Как-то она сказала мужу:
— Знаешь, у меня такое ощущение, словно я аккомпанирую людям, не имеющим музыкального слуха. Они отличают тона, а полтона и четверть тона не различают. Кажется, дело не только в языке, пожалуй, мы разные люди.
Он внезапно рассердился:
— При чём тут они, себя вини в этом. Круг твоих интересов ограничен. Может быть, у тебя именно и нет музыкального слуха.
Она хотела наговорить ему резкостей, но с внезапным смирением тихо сказала:
— У нас и с тобой не много общего.
Однажды к ним пришла большая компания, ватага, как говорил Крымов. Две полные и низкорослые круглолицые учёные женщины из Института мирового хозяйства, индус, которого прозвали Николаем Ивановичем, испанец, англичанин, немец, француз.
Настроение у всех было весёлое, стали просить Николая Ивановича спеть. Голос его звучал странно — высокий, резкий, и тут же печальные, певучие звуки.
Этот человек в золотых очках, окончивший два университета, автор толстой книги, лежавшей на столе у Крымова, человек с вежливой и холодной улыбкой, привыкший выступать на европейских конгрессах, словно преобразился.
Женя, вслушиваясь в странные, непривычные звуки, искоса поглядывала на индуса — он сидел на диване в позе, которую запечатлели учебники географии,— поджав под себя ноги.
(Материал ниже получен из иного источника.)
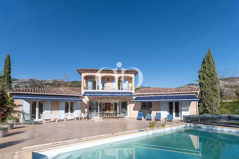 SOUS COMPROMIS - EXCLUSIVITE - PANORAMA EXCEPTIONNEL, LE CENTRE A PIED - très bien située à 7mn à pied du centre de Roquevaire, belle propriété avec une maison et une piscine en position dominante profitant d'une vue magnifique sur les collines avoisinantes, sur une superbe parcelle arborée de 3600m2.

Индус, видимо взволнованный, снял дрожащими тонкими, костяными пальцами очки, стал протирать их белоснежным платком, и близорукие глаза его были полны влаги, стали грустными и милыми.
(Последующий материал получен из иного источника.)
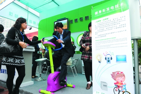 昨日,人民广场,第四届中国专利周上展出的健身发电车。 记者 邹飞 摄

Решили, что каждый споёт на своём родном языке.
Запел Шарль, журналист, друг Барбюса{56}, в неряшливом, помятом пиджаке, со спутанными волосами, падающими на лоб. Он пел тоненьким, дрожащим голосом песенку фабричных работниц. Его песенка с нарочито простыми, детски наивными словами трогала своей недоуменной грустью.
Потом запел Фриц Гаккен, просидевший полжизни в тюрьмах, профессор-экономист, высокий, с сухим длинным лицом. Он пел, положив на стол сжатые кулаки, известную по исполнению Эрнеста Буша{57} песню «Wir sind die Moorsoldaten»[12]. Песенка обречённых на смерть. И чем дольше он пел, тем угрюмей становилось выражение его лица. Он, видимо, считал, что поёт песню о себе самом, о своей судьбе.
Генри, красивый юноша, приехавший по приглашению ВЦСПС от союза торговых моряков, пел стоя, заложив руки в карманы. Казалось, он поет весёлую, задорную песню, но слова звучали тревожно: моряк думал, что ждёт его впереди, загадывал о тех, кого оставил на берегу…
Когда предложили спеть испанцу, он закашлялся, а потом встал руки по швам и запел «Интернационал».